Data section: Begin

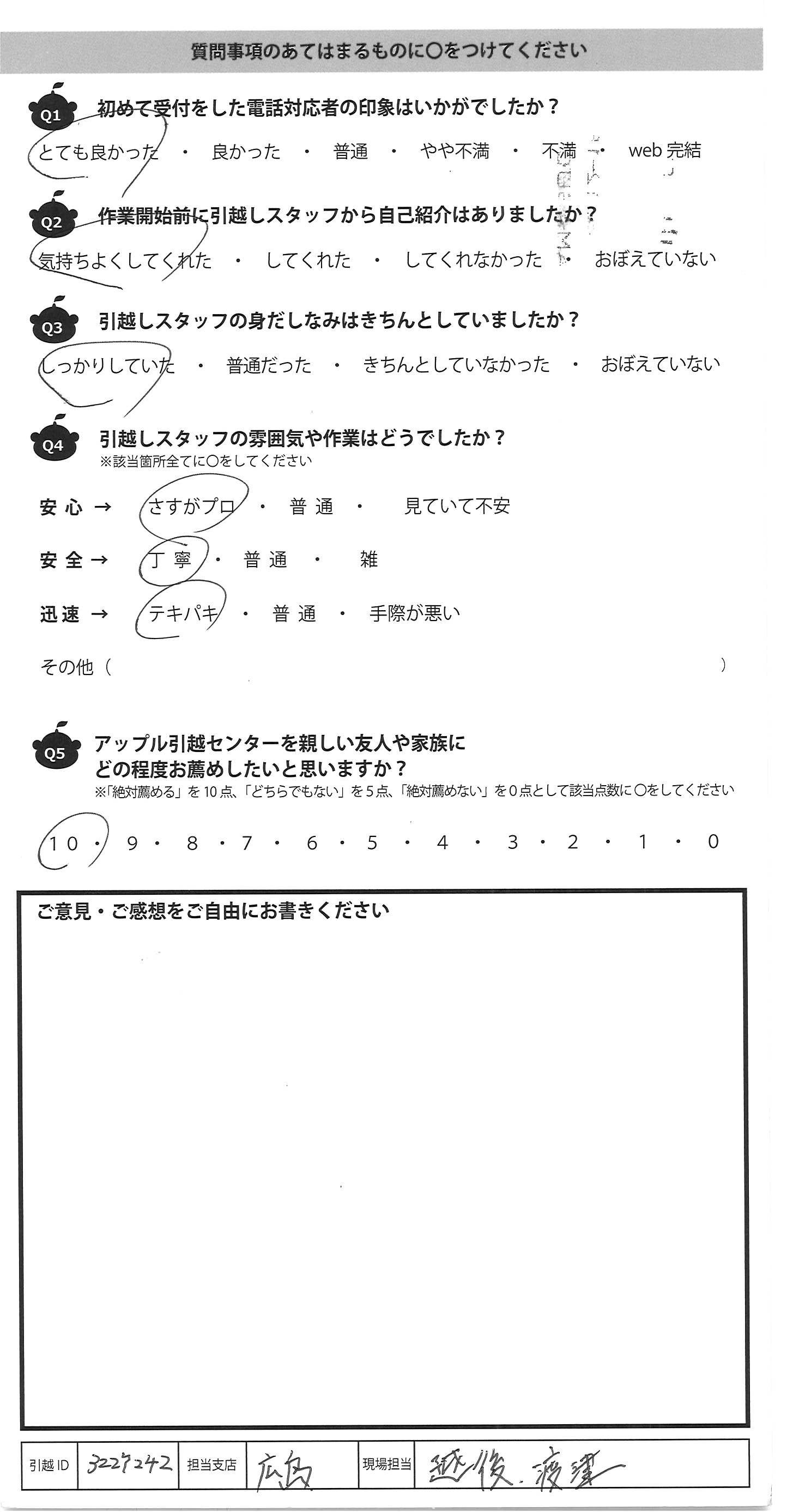 A.引っ越しは不安なものですが、山里さんの様子や 話し方、世間話などで安心することができました かなり柔軟に対応いただき、洗濯機設置で は親身になって動作が確実になるまで作業 いただきとても助かりました、搬出時は山里さん 1人になってしまったようでしたが、少なくない荷物 量にもかかわらず、しっかり完了いただきました。搬 入時はヒイラギさんが外とトラック作業、山里さん が中の作業と分担されていてとてもスムーズでした ありがとうございました。次回もぜひお願いします(ヒイラギ)
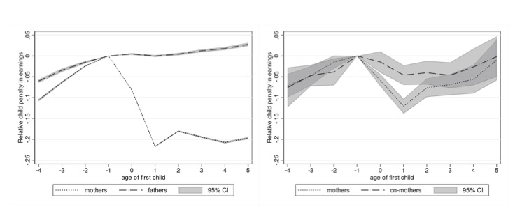 Otro estudio relevante es el que compara la brecha salarial tras el primer hijo entre parejas heterosexuales y lesbianas en Noruega para observar si la carrera profesional de las madres biológicas se resiente de la misma manera. En este caso, el impacto es diferente, ya que, mientras que en las primeras la madre sufre un recorte de ingresos del 20%, sin que afecte al padre, en las segundas la reducción es del 13%, aunque su pareja también sufre una caída salarial del 5%. Así pues, si bien el impacto global en los sueldos de la pareja es muy similar, el reparto de cargas dentro de la misma es algo diferente. Además, en las parejas heterosexuales la citada "brecha" se prolonga en el tiempo, mientras que en las lesbianas se cierra al cabo de 5 años.
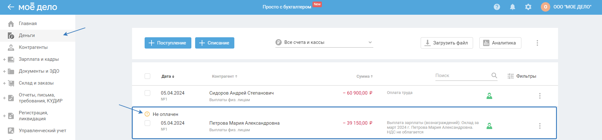 Если интеграция не настроена, то вы можете скачать платёжные поручения в удобном для вас формате, например, в формате для интернет-банка и загрузить далее в банк. Далее нажмите «Создать документы», тогда операции отразятся в разделе «Деньги» со статусом «Не оплачено».

Data section: End

— What you have to do —
Return the material above verbatim. Pictures are to be excluded.

— Written reply —
 A.引っ越しは不安なものですが、山里さんの様子や 話し方、世間話などで安心することができました かなり柔軟に対応いただき、洗濯機設置で は親身になって動作が確実になるまで作業 いただきとても助かりました、搬出時は山里さん 1人になってしまったようでしたが、少なくない荷物 量にもかかわらず、しっかり完了いただきました。搬 入時はヒイラギさんが外とトラック作業、山里さん が中の作業と分担されていてとてもスムーズでした ありがとうございました。次回もぜひお願いします(ヒイラギ)
 Otro estudio relevante es el que compara la brecha salarial tras el primer hijo entre parejas heterosexuales y lesbianas en Noruega para observar si la carrera profesional de las madres biológicas se resiente de la misma manera. En este caso, el impacto es diferente, ya que, mientras que en las primeras la madre sufre un recorte de ingresos del 20%, sin que afecte al padre, en las segundas la reducción es del 13%, aunque su pareja también sufre una caída salarial del 5%. Así pues, si bien el impacto global en los sueldos de la pareja es muy similar, el reparto de cargas dentro de la misma es algo diferente. Además, en las parejas heterosexuales la citada "brecha" se prolonga en el tiempo, mientras que en las lesbianas se cierra al cabo de 5 años.
 Если интеграция не настроена, то вы можете скачать платёжные поручения в удобном для вас формате, например, в формате для интернет-банка и загрузить далее в банк. Далее нажмите «Создать документы», тогда операции отразятся в разделе «Деньги» со статусом «Не оплачено».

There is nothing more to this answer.